§ GIVEN MATERIAL:
-- -- --

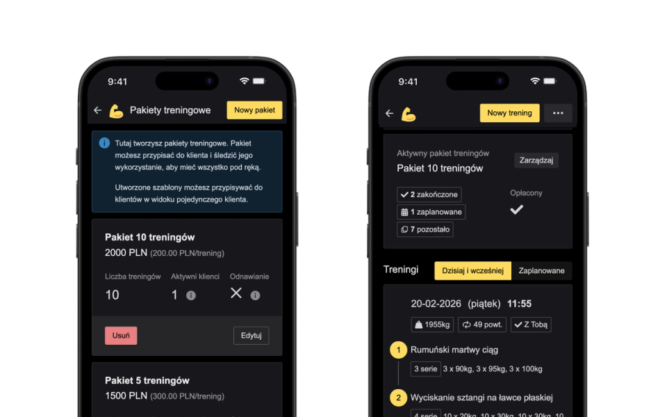 Aplikacja bicek.app ułatwia zarządzanie sprzedażą pakietów treningowych automatycznie odliczając wykorzystane treningi. Dodatkowo porządkuje finanse i sprawia, że proces odnowienia współpracy staje się naturalny i bezproblemowy.
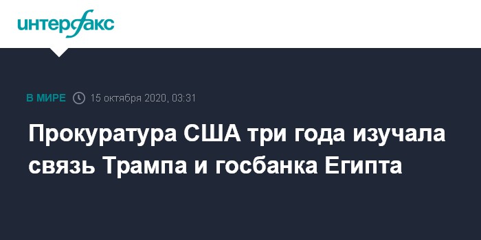 Москва. 15 октября. INTERFAX.RU - Федеральные прокуроры США три года изучали вопрос о возможной связи президента Дональда Трампа и египетского государственного банка во время предвыборной кампании 2016 года, сообщает телеканал CNN со ссылкой на источники.
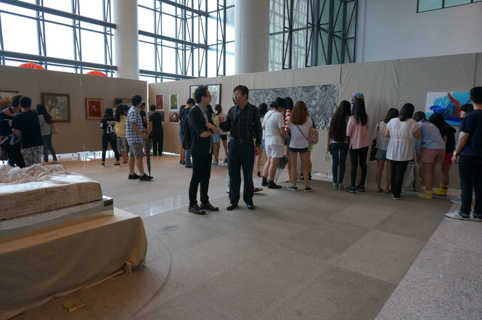 7月1日上午,中德艺术家交流展在上海海事大学中远图书馆大厅开幕。杨万枫副校长,德国艺术家Lisniar先生、王慧芳女士,图书馆、徐悲鸿艺术学院负责人,教师代表、学生代表等近百人参加了开幕仪式。

-- -- --

§ TASK DESCRIPTION: Your answer must be only the lines from the one that holds "Москва. 15 октября." to the end of the listing, each restated word for word, with both ends kept and pictures left out.

§ OUTPUT:
 Москва. 15 октября. INTERFAX.RU - Федеральные прокуроры США три года изучали вопрос о возможной связи президента Дональда Трампа и египетского государственного банка во время предвыборной кампании 2016 года, сообщает телеканал CNN со ссылкой на источники.
 7月1日上午,中德艺术家交流展在上海海事大学中远图书馆大厅开幕。杨万枫副校长,德国艺术家Lisniar先生、王慧芳女士,图书馆、徐悲鸿艺术学院负责人,教师代表、学生代表等近百人参加了开幕仪式。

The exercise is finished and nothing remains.